Clinical clarity must replace vague terminology 

One of the biggest challenges Rebbe and her colleagues identify is the vagueness in the current draft of the CAPTA reauthorization bill. While well intentioned, the bill still contains unclear terminology that is likely to encourage inconsistent application and underreporting that would create wide disparities in the accuracy of data state to state. Most critical is the emphasis that eligible infants be “affected by” drugs or alcohol, a term which has no defined clinical meaning.

“We know from a public health standpoint that having clearly defined terminology is essential to not only identification and treatment, but also consistent data” Rebbe said. “This is even more true with child maltreatment, where this phenomenon has different definitions.” 

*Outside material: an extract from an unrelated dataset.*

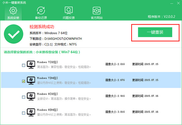 小米一键重装系统是一款所占内存非常小,但是功能强大实用并且操作简单的一键重装系统工具。它可以帮助用户快速重装系统,还可以帮用户选择最适合的系统重装,如果你的电脑需要重装,那就快来下载小米一键重装系统吧!
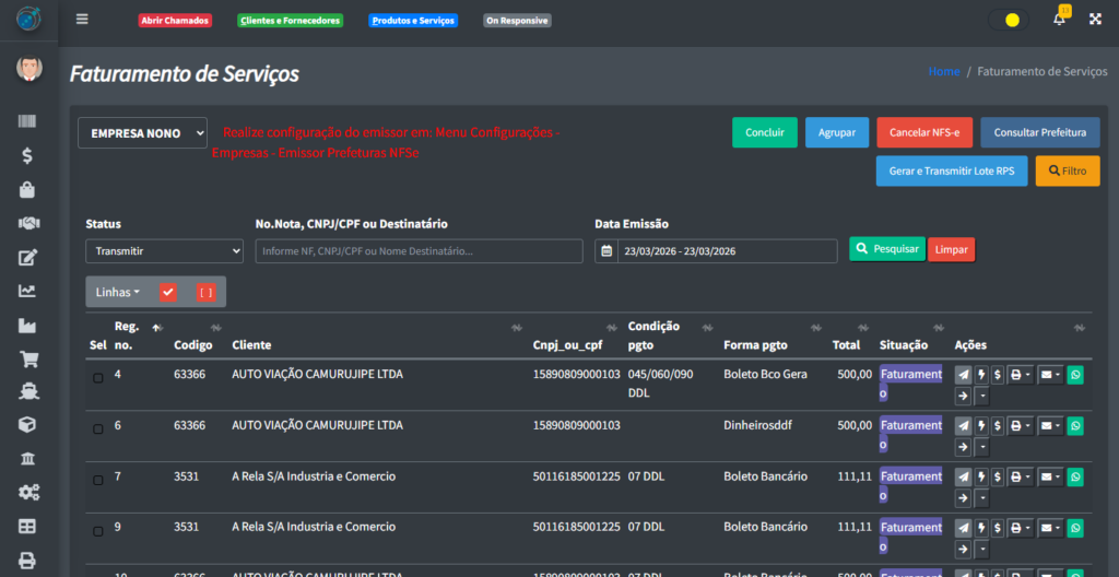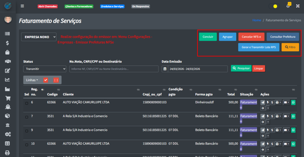 Nesse artigo você aprenderá a como fazer um faturamento de serviços no sistema.

Supporting families rather than punishing them

The CAPTA reauthorization aims to support families rather than punishing them, recognizing that a comprehensive, service-oriented approach is appropriate to deal with this issue. One key recommendation is to shift the focus from infant diagnoses alone to the use of parental diagnoses in order to approach the family systemically and increase the probability of keeping parents and children together where appropriate. 

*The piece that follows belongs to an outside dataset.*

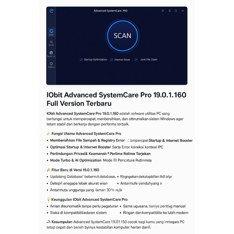 IObit Advanced SystemCare Pro 19.0.1.160 adalah software utilitas PC yang berfungsi untuk mempercepat, membersihkan, dan mengoptimalkan sistem Windows agar tetap stabil dan bekerja dengan performa terbaik. Versi terbaru ini hadir dengan peningkatan fitur cerdas yang mampu mendeteksi masalah sistem secara otomatis dan memperbaikinya hanya dengan satu klik.

“Treating this as a public health issue rather than a punitive or even criminal one humanizes potential treatment and care plans for the entire family,” Rebbe said.

However, there are a number of states that take a punitive or even criminal approach to substance use during pregnancy, which can have the unintended consequence of reducing reporting. Some of the areas hit the hardest by the opioid crisis actually have the lowest reports under the limited National Child Abuse and Neglect Data System (NCANDS) definition. For example, West Virginia has the highest rate of opioid-addicted infants in the country, but it is also among the states with lowest rates of child-maltreatment reports that meet the NCANDS definition. This apparent underreporting keeps both parents and their children from receiving the treatment they need and states from receiving the funding needed to support them. 

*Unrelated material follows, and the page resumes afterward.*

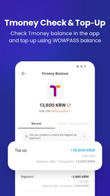 - You can check the Tmoney balance of your WOWPASS card.
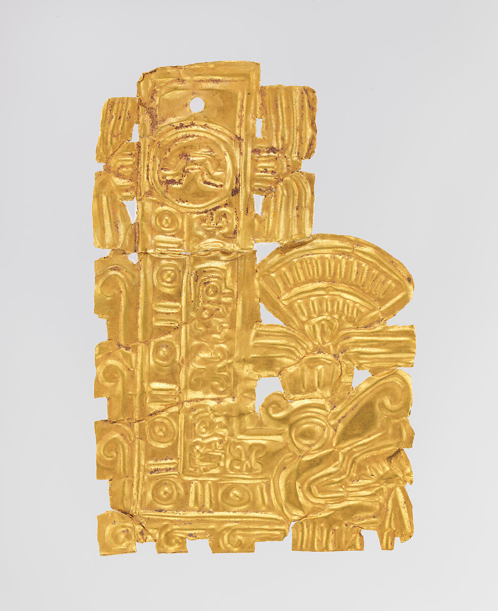 Through interviews conducted with informants who once worked as moneros or looters, these objects have been tentatively traced back to an ancient cemetery at the site of El Chanal in the West Mexican state of Colima (Kelly 1980, 1985). Metallurgy (both repoussé and lost wax techniques) had flourished in West Mexico for centuries prior to the creation of these ornaments. Their style, however, does not represent work typically created in this region; instead, the iconography aligns closely with that created by Mixtec artists, while similarly perforated gold sheet ornaments have been found in Mexica (Aztec) contexts, including the Templo Mayor at Tenochtitlan. These incongruencies speak to their likely role as trade objects in the Postclassic Period. Long-established and closely overseen trade routes would have ferried gold dust from various parts of Mesoamerica to the heart of the Mexica empire, where artists would have created gold ornaments that would then be redistributed, sold, and traded throughout the region.

How COVID has impacted child maltreatment

Prior to becoming a researcher, Rebbe was a public child welfare social worker for six years, so she brings a real-world perspective to her research. Rebbe recently received a two-year grant from the National Institutes of Health (NIH) to fund a study that will empirically examine the impact of COVID-19 on child maltreatment. The study will be conducted by Rebbe through the Children’s Data Network at the Suzanne Dworak-Peck School of Social Work, in collaboration with Rady Children’s Hospital in San Diego.

This research will combine California child protection data with data from a full spectrum of medical encounters, including regular wellness visits as well as hospitalizations and emergency room visits. This will allow for triangulation of data to gain better insight into whether maltreatment encounters have changed as a result of COVID-19 and the increased stress it has placed on family systems. It will also examine whether reporting behaviors by medical professionals have changed as they are aware that children’s exposure outside the home is limited and the burden falls on them to report.

The examination of federal policy regarding opioid-exposed infants and the reporting behaviors of medical professionals fits squarely into Rebbe’s research agenda focused on how communities respond to child maltreatment. “Child maltreatment is a complex public health issue with detrimental outcomes,” Rebbe said. “However, how to respond to maltreatment is an immense challenge for communities, systems and professionals because there are no easy solutions. My work examines the different approaches with the goal of improving outcomes for children and families.”